わたしの三面鏡 沢村貞子

名脇役と言われた沢村貞子さんという女優さんのエッセイです。

わたしの三面鏡 (ちくま文庫)

わたしの三面鏡 (ちくま文庫)

途中まで読んでやっと、だいぶ前の作品なんだ、ってことに気が付いたくらい、今読んでも違和感がないエッセイでした。明治女だから、みたいなことがさらりと書いてあって、あれ?って驚いて慌てて色々と確認したくらい。

役者さんは、来る役が変わることで、はっきりと自分の老いをつきつけられる、という面がある、ということも、新しい人に否応なく譲らなければならない、ということも、喉から手が出る程やってみたい役でも、もう自分には合わない、ということがある、ということも、さらりと書いてあるんですけど、長い間やってこられた人だからこそなんだろうなあ、という書かれ方で、逆に、そうか、役者さんってやっぱり厳しいものでもあるんだなあ、ってしみじみと感じました。

女優としてだけでなく、というか、そちらはむしろ少なくて、日々生活しながら沢村さんが感じたことを書かれていて、読みやすかったですし、年を重ねていくということについて書かれていることを読んでいると、人って弱っていく中でどうやって生きていくかは千差万別なんだろうなあ、って感じました。

「いつまでもこの職業をつづけたい、と願うならー寄りかかるものを決してさがさず、転んでもすべっても、何とかひとりで立ち上がり、昨日は昨日、今日は今日とそのときどきの絵を描いてゆくより仕方がない。」
っていう箇所が好きでした。女優さんとしての文だと。日々の暮らしもそう、って書かれてたんですけど、まさにそうだよなあ、って思います。昨日は昨日、今日は今日、って、その日その日に描ける絵を描いていくしかないんだろうなあ。そして、その絵は、別に連作でなくても良くて、昨日と今日、今日と明日で、全く違う色で全く違うものを描いたって良いんじゃないかな、と思います。

「人間の生き甲斐などという高級なものは凡人にはとうてい見つけられないものと、私はとうにあきらめています。強いて言うなら・・・」この後は昨日の生き甲斐はこれが美味しかったことで、とかって続いていくんですが、ここも好きでした。確かに、生き甲斐なんて、高級なものなのかもなあ、って。私は、自分も、生き甲斐なんてあったらあったで重たそうだし、それを失ったときに辛そうだから、無いほうが身軽かな、って思っちゃうほうなので、共感もしました。

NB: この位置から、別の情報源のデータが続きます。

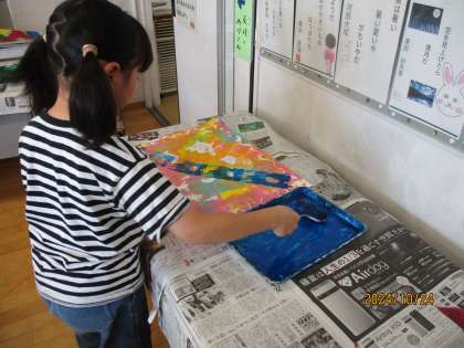 子どもたちは、思い思いの型を切り取り、いろいろな色で台紙にはんがを重ねていました。友達と作品の感想を伝えあったり、アイディアを交換したりしていました。

それから、ここで紹介されていた立花隆さんの『宇宙からの帰還』は是非読んでみたいな、って思って、読みたい本リストに書き加えました。本当、宇宙に行って地球を見た人って、その後どうするんだろう。これ、実はずっと気になってたことでもあるんですよね。出来るだけ早く手に入れて読んでみたいです。

巻末には、遠藤周作さんとの対談と山田太一さんとの対談もあって、面白かったです。
遠藤さんは、日本人はこの道一筋ということを強調しすぎ。この道二筋でどうしていけないのか。ということをおっしゃってて、これも、目から鱗が落ちるというか、それに近い気持ちになりました。そうだよなあ、って。

今の時代の感覚からしても、沢村さんも遠藤さんも山田さんも全然、古いと感じないことをおっしゃってて、そのことを凄く新鮮に感じましたし、最近は遠のいていたけど、また少し前の時代の本も読もうかな、っていう気持ちになりました。

正直、沢村さんのことは、御名前を聞いたことがある気がする、というくらいで、女優さんだというのも知らなかったので、題名に惹かれて手に取った本だったんですけど、面白かったです。他の作品も読んでみたいと思います。そして何より、今、筑摩書房さんがこれを選んで出す、って凄い気がします。2014年4月、って本当につい最近、改めて出してあるんだよなあ、と思うと、ちょっとグッとくる。筑摩書房さんの本も、もっと読もう、っていう気持ちになりました。

そして、機会があれば、沢村さんの演技の映像も見たいなと思います。